PROVIDED MATERIAL

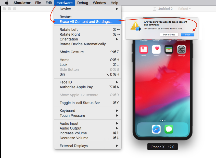 -> Select "Erase Reset Content and Settings..."做完之后再给点时间。关闭Xcode并重新打开它。
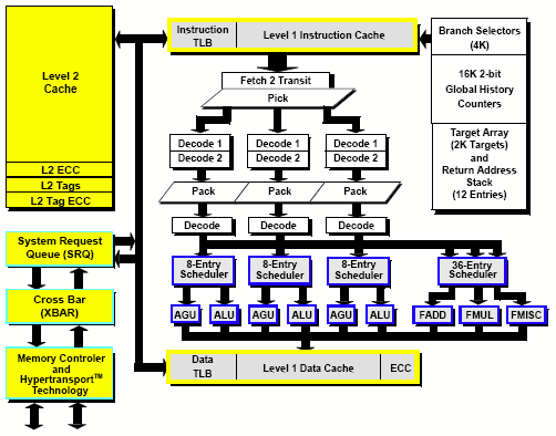 В целом, схема выполнения команд не претерпела значительных изменений по сравнению с Athlon XP – выборка, декодирование в макрооперации, планирование, декодирование в микрооперации, исполнение, восстановление.
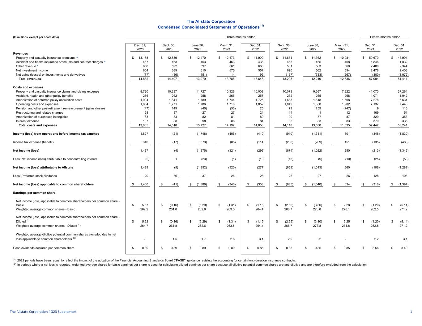 Dec. 31, 2023 Sept. 30, 2023 June 30, 2023 March 31, 2023 Dec. 31, 2022 Sept. 30, 2022 June 30, 2022 March 31, 2022 Dec. 31, 2023 Dec. 31, 2022 13,188$ 12,839$ 12,470$ 12,173$ 11,900$ 11,661$ 11,362$ 10,981$ 50,670$ 45,904$ 467 463 453 463 436 463 465 468 1,846 1,832 650 592 597 561 660 561 563 560 2,400 2,344 604 689 610 575 557 690 562 594 2,478 2,403 (77) (86) (151) 14 95 (167) (733) (267) (300) (1,072) 14,832 14,497 13,979 13,786 13,648 13,208 12,219 12,336 57,094 51,411 8,780 10,237 11,727 10,326 10,002 10,073 9,367 7,822 41,070 37,264 286 262 258 265 257 252 265 268 1,071 1,042 1,904 1,841 1,789 1,744 1,725 1,683 1,618 1,608 7,278 6,634 1,864 1,771 1,786 1,716 1,852 1,842 1,850 1,902 7,137 7,446 (47) 149 (40) (53) 25 79 259 (247) 9 116 28 87 27 27 24 14 1 12 169 51 83 83 82 81 89 90 87 87 329 353 107 88 98 86 84 85 83 83 379 335 13,005 14,518 15,727 14,192 14,058 14,118 13,530 11,535 57,442 53,241 1,827 (21) (1,748) (406) (410) (910) (1,311) 801 (348) (1,830) 340 (17) (373) (85) (114) (236) (289) 151 (135) (488) 1,487 (4) (1,375) (321) (296) (674) (1,022) 650 (213) (1,342) (2) 1 (23) (1) (19) (15) (9) (10) (25) (53) 1,489 (5) (1,352) (320) (277) (659) (1,013) 660 (188) (1,289) 29 36 37 26 26 26 27 26 128 105 1,460$ (41)$ (1,389)$ (346)$ (303)$ (685)$ (1,040)$ 634$ (316)$ (1,394)$ 5.57$ (0.16)$ (5.29)$ (1.31)$ (1.15)$ (2.55)$ (3.80)$ 2.28$ (1.20)$ (5.14)$ 262.2 261.8 262.6 263.5 264.4 268.7 273.8 278.1 262.5 271.2 5.52$ (0.16)$ (5.29)$ (1.31)$ (1.15)$ (2.55)$ (3.80)$ 2.25$ (1.20)$ (5.14)$ 264.7 261.8 262.6 263.5 264.4 268.7 273.8 281.8 262.5 271.2 - 1.5 1.7 2.6 3.1 2.9 3.2 - 2.2 3.1 0.89$ 0.89$ 0.89$ 0.89$ 0.85$ 0.85$ 0.85$ 0.85$ 3.56$ 3.40$ (1) (2) Weighted average common shares - Diluted (2) Weighted average dilutive potential common shares excluded due to net loss applicable to common shareholders (2) Cash dividends declared per common share Net income (loss) applicable to common shareholders per common share - Basic Weighted average common shares - Basic Net income (loss) applicable to common shareholders per common share - Diluted (2) Twelve months ended In periods where a net loss is reported, weighted average shares for basic earnings per share is used for calculating diluted earnings per share because all dilutive potential common shares are anti-dilutive and are therefore excluded from the calculation. 2022 periods have been recast to reflect the impact of the adoption of the Financial Accounting Standards Board ("FASB") guidance revising the accounting for certain long-duration insurance contracts. Net income (loss) Less: Net income (loss) attributable to noncontrolling interest Net income (loss) attributable to Allstate Less: Preferred stock dividends Net income (loss) applicable to common shareholders Earnings per common share Total costs and expenses Income (loss) from operations before income tax expense Income tax expense (benefit) Pension and other postretirement remeasurement (gains) losses Restructuring and related charges Amortization of purchased intangibles Interest expense Costs and expenses Property and casualty insurance claims and claims expense Accident, health and other policy benefits Amortization of deferred policy acquisition costs Operating costs and expenses Accident and health insurance premiums and contract charges ^ Other revenue ^ Net investment income Net gains (losses) on investments and derivatives Total revenues (In millions, except per share data) Revenues Property and casualty insurance premiums ^ The Allstate Corporation Condensed Consolidated Statements of Operations (1) Three months ended The Allstate Corporation 4Q23 Supplement 1
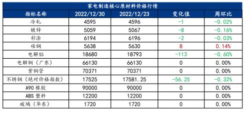 截止2022年12月30日,各原材料当日即时价格以及价格周环比情况如下:

WORK ORDER
For this answer, retype the lines from the start of the listing through the line that holds "В целом, схема", inclusive, exactly and without pictures.

EXPECTED ANSWER
 -> Select "Erase Reset Content and Settings..."做完之后再给点时间。关闭Xcode并重新打开它。
 В целом, схема выполнения команд не претерпела значительных изменений по сравнению с Athlon XP – выборка, декодирование в макрооперации, планирование, декодирование в микрооперации, исполнение, восстановление.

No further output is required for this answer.